На помощь законодателю часто приходит Пленум Верховного Суда РФ, давая своё толкование уголовно-правовым нормам.

Однако, истолковывая нормы, допускающие различное их понимание, Пленум Верховного Суда РФ часто не без оснований идёт на риск заслужить упрёк в выполнении не свойственных ему нормотворческих функций.

Несомненно, принятый в 1996 г. Уголовный кодекс Российской Федерации, отличается от предыдущих российских уголовных кодексов более высоким уровнем законодательной техники. Он выдерживает самое критическое сопоставление с новейшими уголовными кодексами зарубежных стран. Вместе с тем имеются и причины, диктующие необходимость совершенствования Кодекса.

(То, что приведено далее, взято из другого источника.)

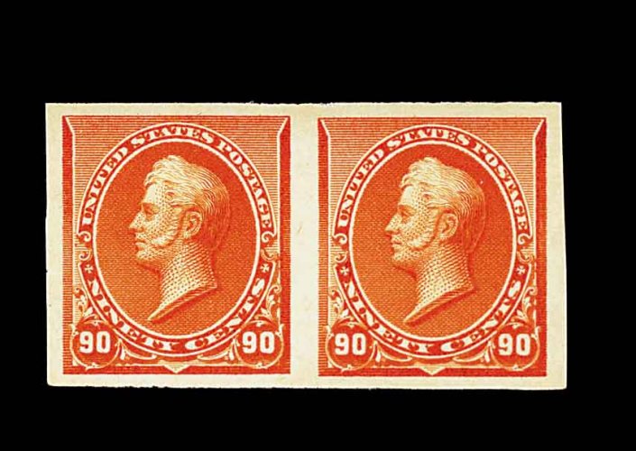 376 nh 219a-29a image#219a-29a, 1890-93 1c-90c Small Bank Notes imperforates cplt., an exceptionally choice set of horizontal pairs, being the finest assembled set we have ever offered, each pair is incredibly fresh and bright, with strong colors throughout (the 2c is the carmine shade) and all are on immaculate paper, plus each is wonderfully well margined, o.g., never hinged (except the 15c which has the barest trace of hinging and a couple of minor natural inclusions), overall an extremely fine set of these rare imperforates; each pair is accompanied by a 1993 PF certificate. (Image) 6,900.00
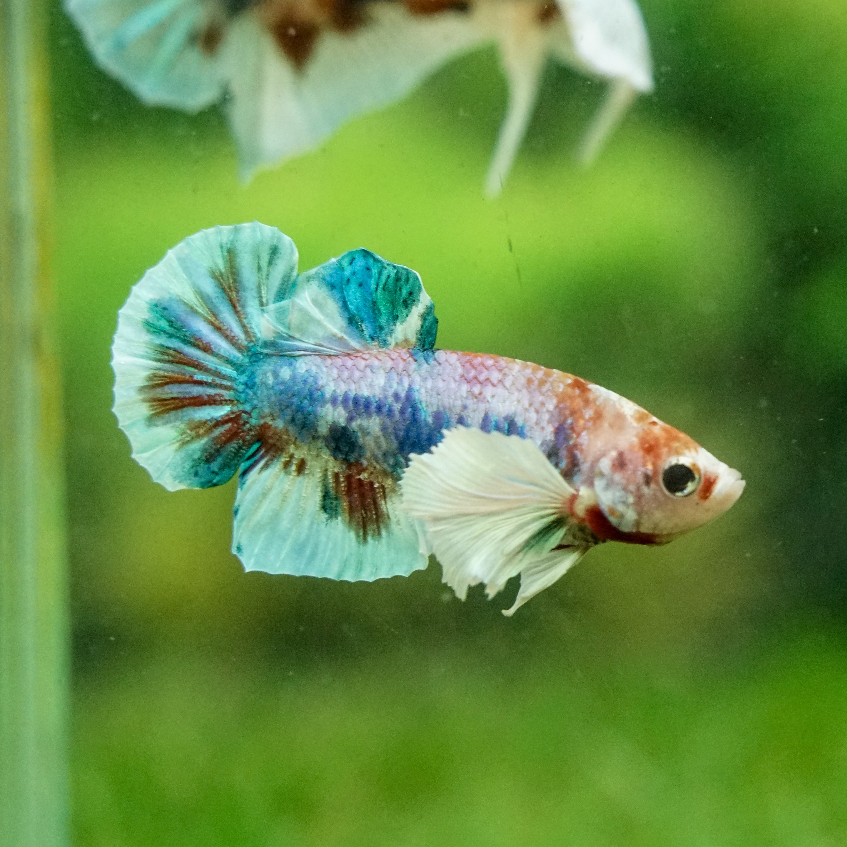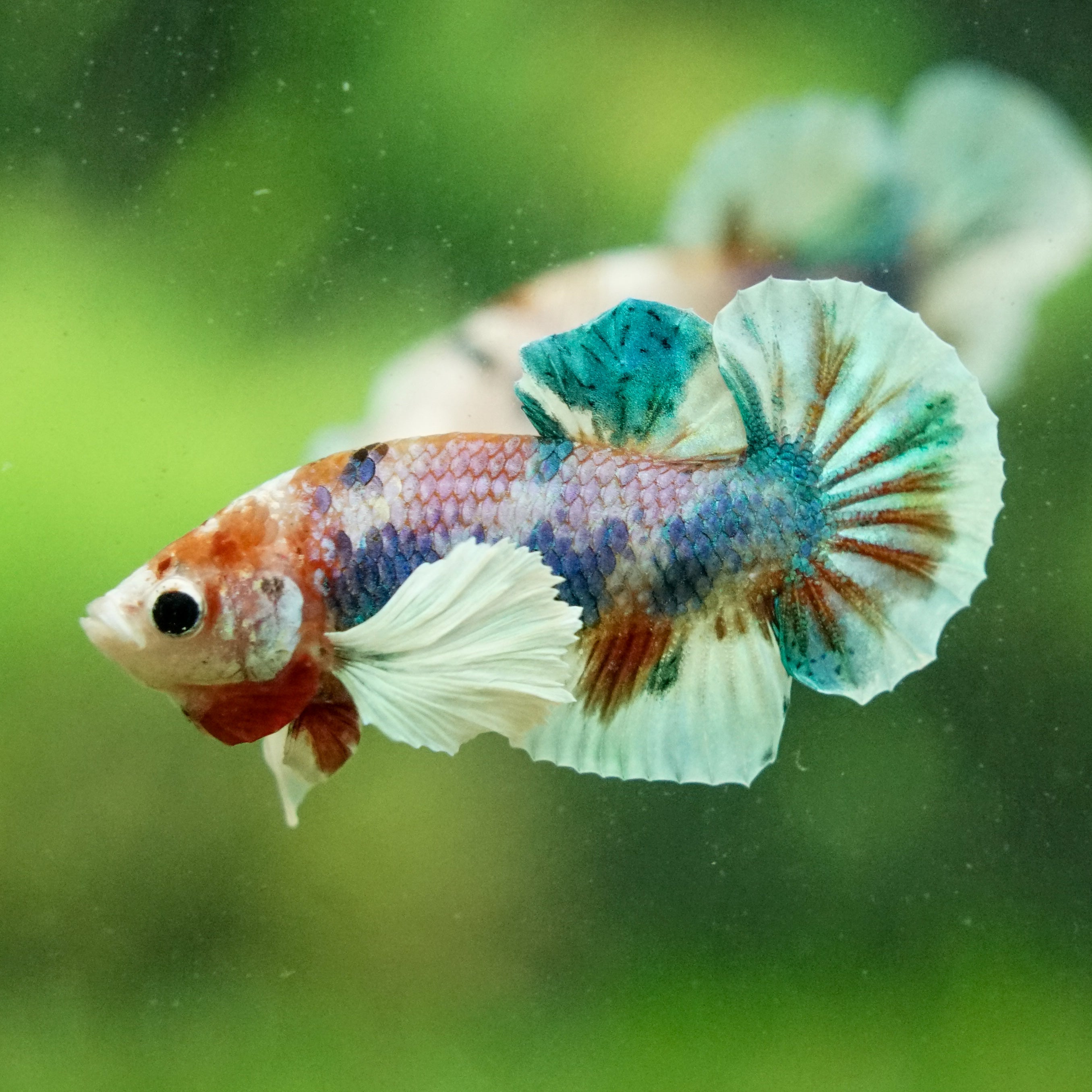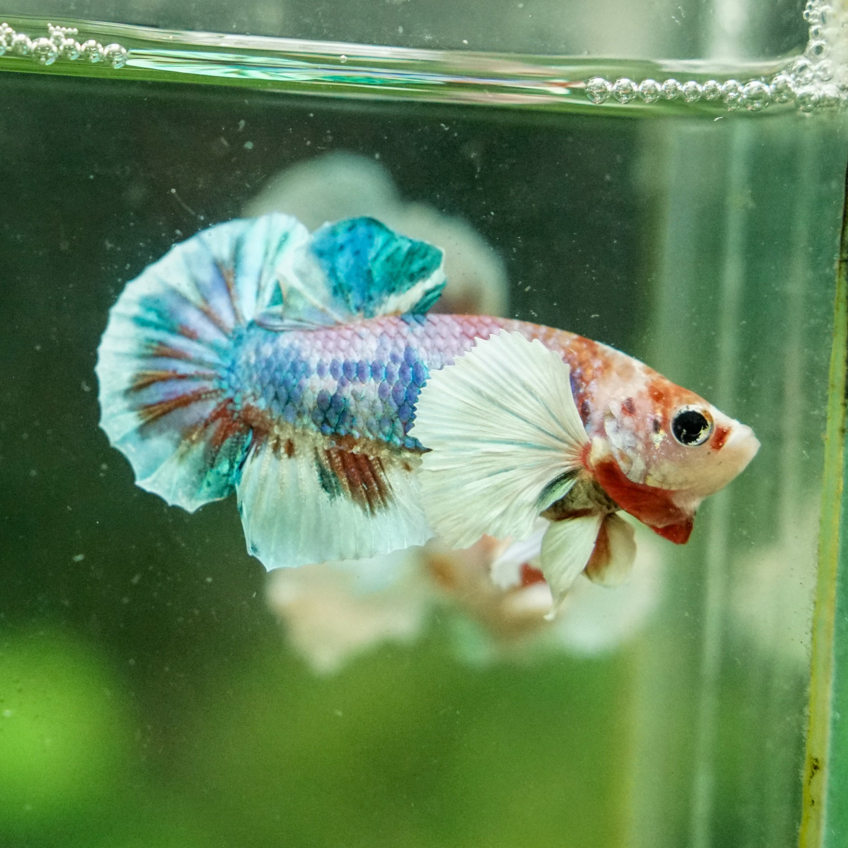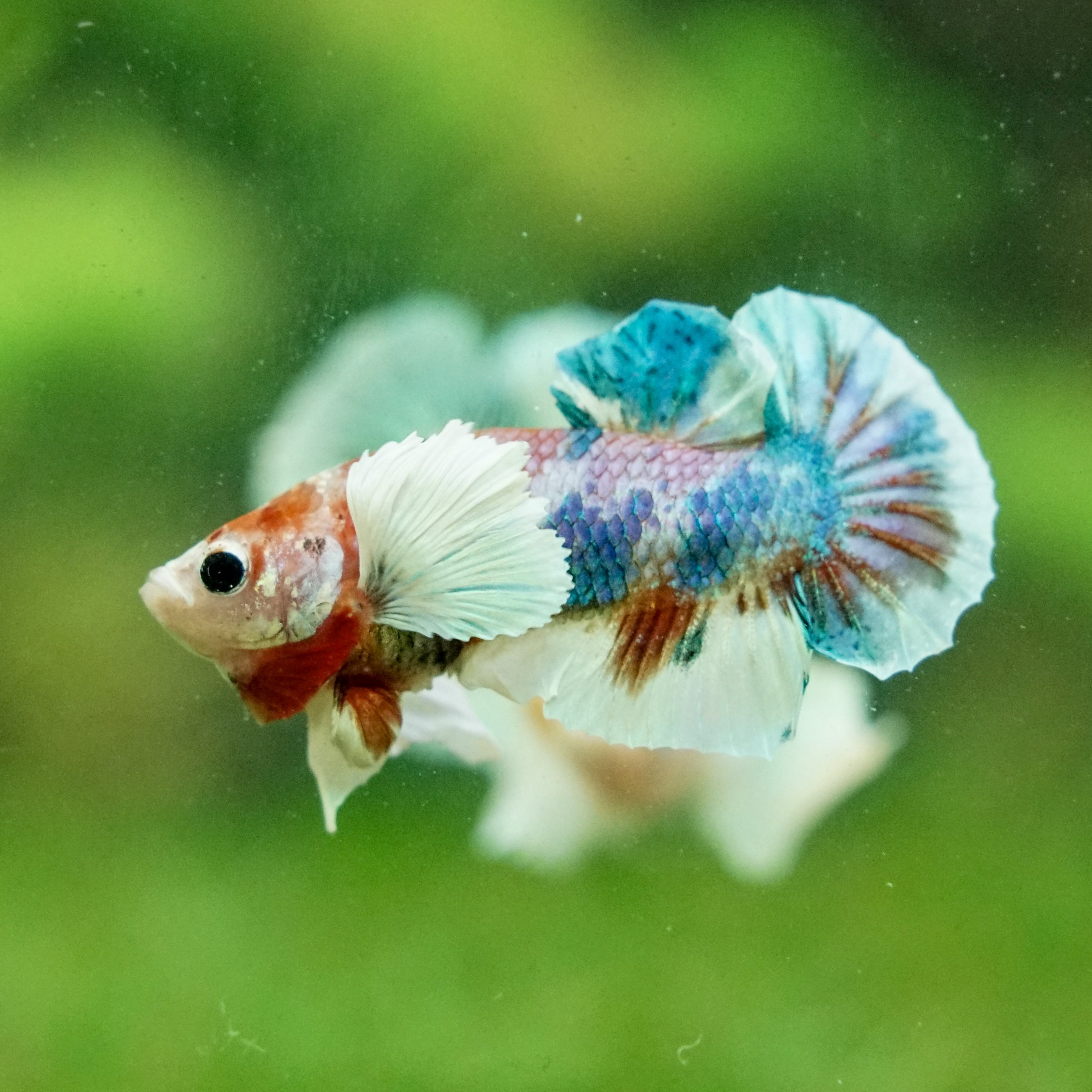 This betta has metallic scales, therefore his/her galaxy scales will appear/shine slightly different under different lighting angles

Самая общая претензия, как нам кажется, должна касаться не содержания кодекса, а порядка его принятия и подготовки проектов федеральных законов о внесении изменений и дополнений в Уголовный кодекс.

Практика показывает, что имеющийся в стране научный потенциал юристов в работе по совершенствованию уголовного законодательства используется недостаточно.

Многих ошибок, потребовавших срочного исправления, можно было бы избежать при рачительном отношении к накопленному опыту и знаниям известных учёных и практиков страны.

Среди юристов уже длительное время обсуждается вопрос о необходимости Федерального закона Российской Федерации, регламентирующего процедуру подготовки и принятия законов [1]. Отсутствие обязательного регламента, обеспечивающего высокий уровень правовой экспертизы, приводит к принятию законов с серьёзными ошибками.

Государственная Дума, признав необходимость правовой экспертизы предложений по совершенствованию Уголовного кодекса, пошла на беспрецедентный шаг. В законе «О введении в действие Уголовного кодекса Российской Федерации» от 13 июня 1996 г. было сформулировано правило, согласно которому «Проекты федеральных законов о внесении изменений и дополнений в Уголовный Кодекс Российской Федерации могут быть внесены в Государственную Думу Федерального Собрания Российской Федерации только при наличии официальных отзывов Правительства Российской Федерации и Верховного Суда Российской Федерации».

Необычность этой меры состоит в том, что согласно ч. 3 ст. 104 Конституции Российской Федерации особый порядок внесения законопроектов в Государственную Думу установлен лишь для законопроектов о введении или отмене налогов, освобождении от их уплаты, о выпуске государственных займов, об изменении финансовых обязательств государства, а также для других законопроектов, предусматривающих расходы, покрываемые за счёт федерального бюджета.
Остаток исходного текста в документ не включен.